To evaluate whether differentially expressed genes in SCZ correlated with those differentially expressed in BPD, we refined our differential gene expression analyses by using independent controls for SCZ and BPD. We divided our full set of controls randomly into 2 independent groups and fitted the full model for the SCZ cases with one group of the controls and fitted separately for BPD cases with the other group of controls. We repeated this process 100 times. For each random division we obtained a full set of t-scores for differential gene expression in SCZ and in BPD. We then computed the correlations between each of these statistically independent t-score sets.
In order to identify a set of genes, whose t-scores for SCZ and BPD were both concordant and larger than expected by chance, we developed a simple test based on the products of the t-scores. The product would be large only when both t-scores were fairly large and of the same sign. However, as already noted, we would expect some correlations between t-scores through having a common set of controls. Therefore, we generated a null distribution of products of t-scores with the correlation expected from having a common set of controls. We then applied a false discovery rate threshold of 0.1, which means that the number of genes expected to have products exceeding that threshold by chance was less than 10% of the number observed in the data. The set of genes exceeding this threshold was defined as differentially and concordantly expressed genes (DCEGs) between SCZ and BPD, and they would be used in further functional and enrichment analyses.
The significantly expressed genes in SCZ and BPD, as well as their DCEGs, were tested for enrichment of association signals from GWAS data in PGC SCZ11 and BPD12 cohorts. To perform the analysis we first obtained the gene statistics and p-values using the VEGAS sum of squares approach13. Based on VEGAS summaries, the enrichment of association signals was assessed using a Simes test for p-values and non-parametric relative rank p-value of genes significantly co-expressed at q-values of 0.1, 0.05 and 0.01, respectively.
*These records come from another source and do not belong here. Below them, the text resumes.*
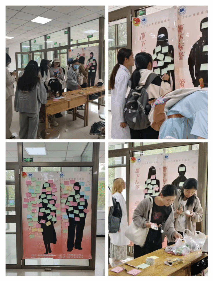 活动在两个校区同步开展:昆仑路校区举办了名为“头脑特工”的活动,通过有趣的《头脑特工队》角色,让员工们在轻松愉快的氛围中提升自我认知与情绪管理能力;而在基础医学部,则开展了“撕掉标签,拒绝焦虑”主题活动,鼓励员工正视并克服内心的焦虑与不安,积极塑造健康的心理状态。活动中特别设置的情绪展板部分也备受瞩目。同学们纷纷将自己的烦恼与愿望写在便签上,贴在展板上,同时也写下鼓励与安慰的话语,放入旁边的情绪盲盒中。这一环节不仅为员工们提供了一个情绪宣泄的出口,也让他们感受到了来自同伴的温暖与支持。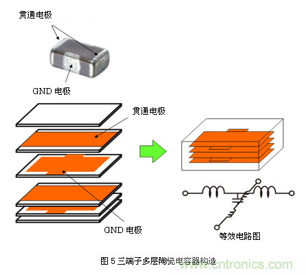 如圖5所示,片狀三端子電容器雖名為三端,但實(shí)為四端結(jié)構(gòu)。這是因?yàn)?,雖然四端設(shè)計(jì)可減少接地端電感,但電氣特性方面,無論哪個(gè)端子都具備相同電位。而引線型三端子電容器原本就為三端結(jié)構(gòu),因此貼片化后仍被稱為"三端"。[page]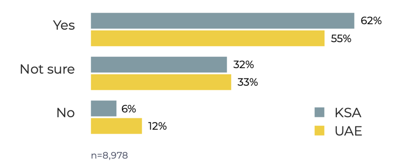 When asked if they felt they were taking care of their health as much as they should, 32% of respondents in Saudi Arabia and 26% in the United Arab Emirates felt they weren’t doing enough for their health.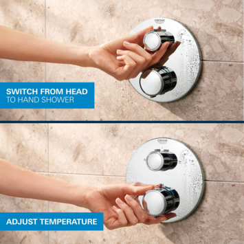 De Grohe SafeStop knop, ingesteld op 38°C, beschermt je tegen verbranding, wat zorgt voor een veilige doucheervaring, zelfs voor kleine kinderen. Voor extra veiligheid kun je de optionele Grohe SafeStop Plus instellen om het temperatuurmaximum verder te beperken tot 43°C of 46°C. Het systeem biedt ook de handige Grohe AquaDimmer, waarmee je eenvoudig schakelt tussen de hand- en hoofddouche en het watervolume naar wens aanpast. De royale hoofddouche biedt een rustgevende Grohe PureRain Spray, terwijl de handdouche voorzien is van een veelzijdige Normal Spray. Beide douches worden compleet geleverd met een houder, wandaansluitbocht en een TwistStop doucheslang.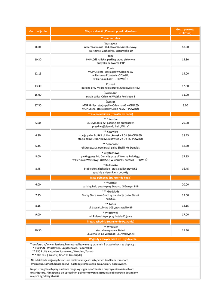 Godz. odjazdu Miejsce zbiórki (15 minut przed odjazdem) Godz. powrotu (zbliżona) Trasa centralna 8.00 Warszawa Al.Jerozolimskie 144, Dworzec Autobusowy. Warszawa Zachodnia, stanowisko 10 18.00 10.30 Łódź PKP Łódź Kaliska, parking przed głównym budynkiem dworca PKP 15.30 12.15 Konin MOP Osiecza stacja paliw Orlen na A2 w kierunku Poznania -ODJAZD, w kierunku Łodzi – POWRÓT 14.00 13.30 Poznań parking przy Mc Donalds przy ul.Głogowskiej 432 12.30 15.00 Świebodzin stacja paliw Orlen ul.Wojska Polskiego 8 11.00 17.30 Świecko MOP Gnilec stacja paliw Orlen na A2 – ODJAZD MOP Sosna stacja paliw Orlen na A2 – POWRÓT 9.00 Trasa południowa (transfer do Łodzi) 5.00 *** Kraków ul.Reymonta 22, parking dla autokarów, przed wejściem do hali „Wisła” 20.00 6.30 ** Katowice stacja paliw BLISKA ul.Murckowska 9 DK 86 -ODJAZD stacja paliw ORLEN ul.Murckowska 22 DK 86 -POWRÓT 18.45 6.45 ** Sosnowiec ul.Kresowa 2, oboj stacji paliw Shell i Mc Donalds 18.30 8.00 * Częstochowa parking przy Mc Donalds przy ul.Wojska Polskiego w kierunku Warszawy -ODJAZD, w kierunku Katowic – POWRÓT 17.15 8.45 * Radomsko Stobiecko Szlacheckie , stacja paliw przy DK1 zgodnie z kierunkiem podróży 16.45 Trasa północna (transfer do Łodzi) 6.00 ***Gdańsk parking koło poczty przy Dworcu Głównym PKP 20.00 7.15 *** Grudziądz Marzy Stare koło Grudziądza, stacja paliw Statoil na DK91 19.00 8.15 ** Toruń ul. Szosa Lubicka 109 ,stacja paliw BP 18.15 9.00 * Włocławek ul. Puławskiego, przy hotelu Kujawy 17.00 Trasa zachodnia (transfer do Poznania) 10.30 ** Wrocław stacja benzynowa Statoil ul.Sucha 15 C ( wjazd od ul.Dyrekcyjnej) Wyjazdy z innych miast do uzgodnienia Transfery z n/w wymienionych miast realizowane są przy min 3 uczestnikach za dopłatą : * 100 PLN ( Włocławek, Częstochowa, Radomsko) ** 150 PLN ( Katowice,Sosnowiec, Wrocław, Toruń) *** 200 PLN ( Kraków, Gdańsk, Grudziądz) Na odcinkach krajowych transfer realizowany jest zastępczym środkiem transportu (mikrobus, samochód osobowy) i następuje przesiadka do autokaru docelowego. Na poszczególnych przystankach mogą wystąpić opóźnienia z przyczyn niezależnych od organizatora. Almatramp po uprzednim poinformowaniu zastrzega sobie prawo do zmiany miejsca i godziny zbiórki 15.30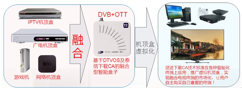 泰信基于下載CA延伸出DTVOS直播電視操作系統和虛擬機頂盒軟件及融合機頂盒硬件產品。其中,融合型智能機頂盒——泰信盒子,融合有線電視和網絡電視,實現全國跨區域市場化銷售,受到廣大用戶的廣泛歡迎。全國80%以上地區的老百姓終于有了自主選擇有線電視機頂盒的權利!解決了百姓看電視的煩心事兒。

To determine if the frequency of transcribed rare variants (RVs, minor allele frequency in the sequenced population < 1 %) in DCEGs was elevated when compared to controls, for each individual, we first assessed the RV heterozygous status for SNPs in genes shown to be significantly co-expressed in SCZ and BPD patients. Subsequently, we tested for increased heterozygote rates in cases of SCZ and BPD when compared to controls. The test was carried out for genes found to be significantly co-expressed in patients at three levels of q-value:14 0.1, 0.05 and 0.01. In our statistical tests the number of RVs for an individual was modeled as a dependent variable in a Poisson regression having the case-control status as a covariate. Because of the large differences in coverage between the different diagnostic groups, we performed the statistical analysis on a reduced data set obtained by fully matching cases and controls for coverage (as measured by RPKM) using MatchIt package in R.15
We conducted pathway enrichment analysis of three gene sets: (1) differentially expressed genes in SCZ (105 genes); (2) differentially expressed genes in BPD (153 genes); and (3) the differentially and coordinately expressed genes between SCZ and BPD (q value ≤ 0.05, 213 genes). In these enrichment analyses, we used hypergeometric test implemented in the tool WebGestalt (version 2)16 and the canonical pathways from the Kyoto Encyclopedia of Genes and Genomes (KEGG) database. To avoid too many or too few genes to be considered in each pathway analysis, we only included the pathways whose sizes were between 5 and 250 genes.17 The p-values from hypergeometric tests were further adjusted by Benjamini-Hochberg method.18 Only those pathways with adjusted p-values < 0.05 were considered statistically significantly enriched.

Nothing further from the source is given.